The broader/commercial impact of this Small Business Innovation Research (SBIR) Phase II project will result from providing remote, accessible fall risk assessments and exercise programs. This project empowers older adults to maintain independence and improve their quality of life. Falls are a major health risk for older adults, with significant physical, psychological, and economic impacts, costing the U.S. $50 billion annually. Current fall prevention methods are costly, inconsistent, or difficult to access, particularly in rural communities. This project introduces an AI-based video assessment app for routine fall risk assessments and personalized exercises for older adults using common smartphones or tablets. This innovation aims to improve the quality of life for older adults. Beyond improving individual health outcomes, this project has the potential to significantly lower healthcare costs by reducing fall-related hospitalizations, rehabilitation expenses, and long-term care admissions. By providing an affordable, scalable, and privacy-preserving alternative to traditional fall assessments, the results of this project benefit healthcare systems, insurance providers, and senior living communities alike. Additionally, this project catalyzes awareness of fall prevention and the role of technology in enhancing elderly care while fostering interdisciplinary collaboration and innovation. 
This Small Business Innovation Research (SBIR) Phase II project creates innovative AI and computer vision technologies to develop a novel AI-based video assessment system for accurate, real-time fall risk assessment across various smart devices.
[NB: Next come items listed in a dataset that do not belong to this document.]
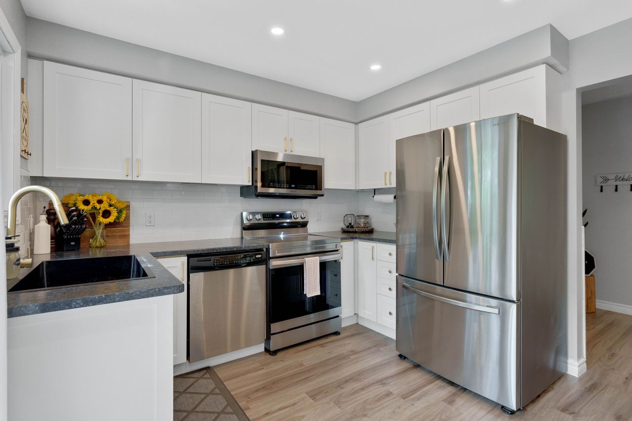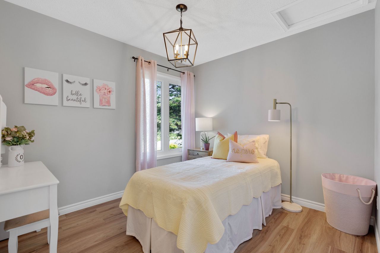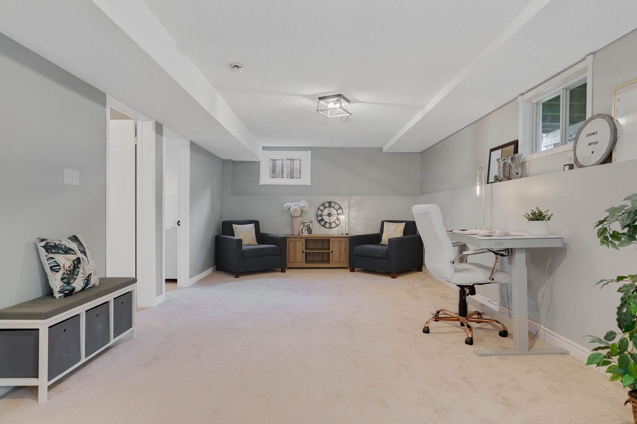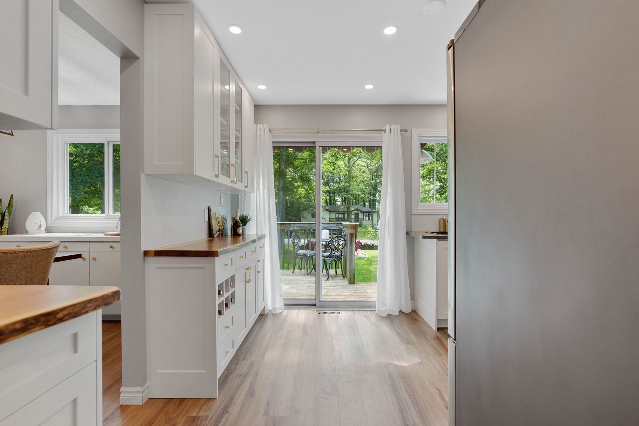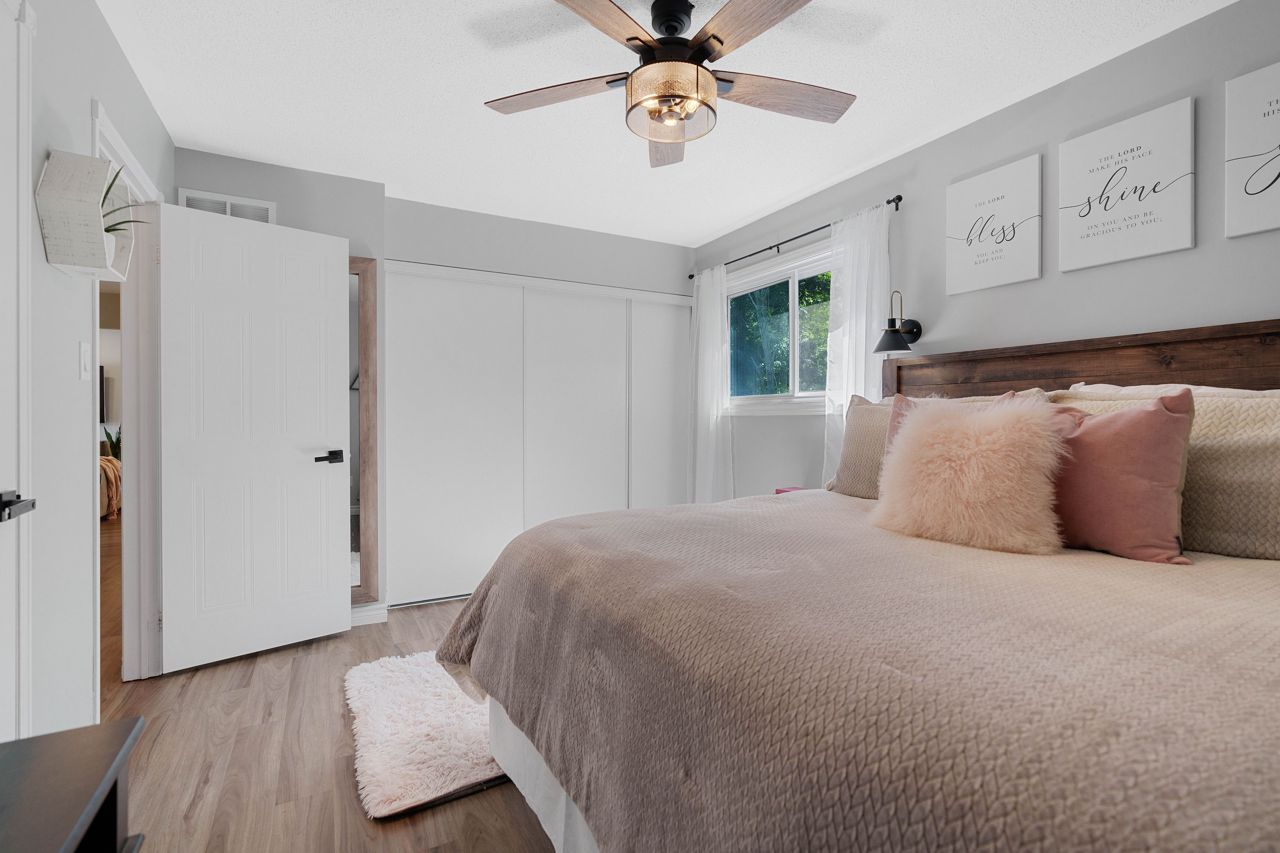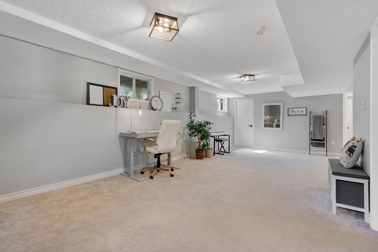 This charming elevated bungalow is located in a sought-after family-oriented neighborhood and combines modern comfort with classic appeal. It has 4 bedrooms, 2 full bathrooms, upstairs and downstairs laundry, and a fully finished basement, providing ample space for a growing family. The recently upgraded kitchen features a live edge coffee bar, new countertops, and appliances. The basement offers in-law potential or guest space with a bedroom, family room, laundry room, and a brand new 4-piece bathroom. The home includes central vacuum, forced air, natural gas heating, central air conditioning, and a water softener. The garage has a 20 amp plug. The backyard is private and fenced with a sun deck and awning, and there are beautiful walking trails nearby. The location is convenient, with shopping, dining, golfing, and a freshwater beach within walking distance, making it an ideal choice for families and nature enthusiasts.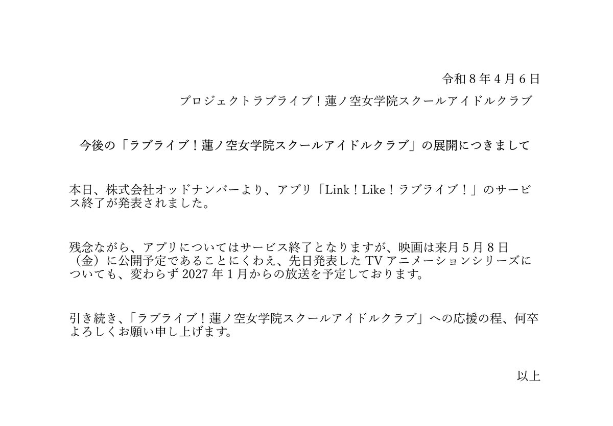 この度、『Link!Like!ラブライブ!』は、2026年6月30日(火) 12:00をもちまして、サービスを終了させていただくこととなりました。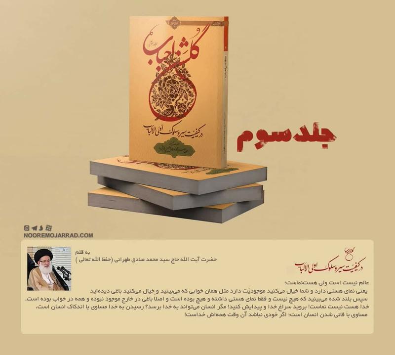جلد سوم کتاب «گلشن احباب؛ در کیفیت سیر و سلوک اولی الالباب» تألیف حضرت آیةالله حاج سیّدمحمّدصادق حسینی طهرانی مدّظلّه العالی منتشر شد.
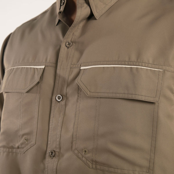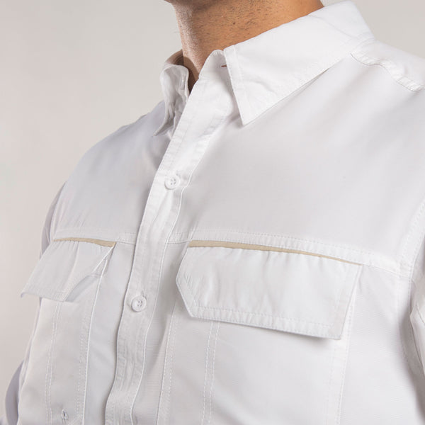 Camisa Jubae moderna con cuello button Down, fabricada en tela Ripstop, un tejido de alta calidad que otorga mayor libertad y flexibilidad de movimientos, gracias a su resistencia a la tracción evita desgarros generando mayor durabilidad. Cuenta con corte en espalda para hacer de la prenda un producto respirable. Posee detalles reflectivos y mangas Roll Up para dar un look más casual. Este producto cuenta con protección UPF +50 para otorgar mayor protección a los trabajadores.

Unlike conventional systems, this innovation is camera-agnostic, lighting-independent, and privacy-focused, ensuring broad accessibility without storing or sharing raw video data. A key aspect of this project is its strong commitment to privacy. Unlike conventional monitoring systems, the proposed solution operates without continuous video recording, ensuring that original video content is never stored or shared, a critical feature for user trust and data security. Inspired by recent advances in Large Language Models and Self-Supervised Learning, the proposed technology introduces a novel autoregressive encoder framework for real-time human motion prediction and analysis and personalized exercise coaching, utilizing only the built-in camera and computational power of existing smartphones and tablets. This innovation surpasses existing vision transformer models by focusing on human motion heatmaps, which capture the spatial/temporal aspects of human movement. This project presents a unique approach to learning and understanding human body movements contextually, regardless of the camera’s perspective, field of view, and environmental noise. The transition from pixel-level processing to heatmap-based representation significantly reduces model complexity and computational load. This award reflects NSF’s statutory mission and has been deemed worthy of support through evaluation using the Foundation’s intellectual merit and broader impacts review criteria.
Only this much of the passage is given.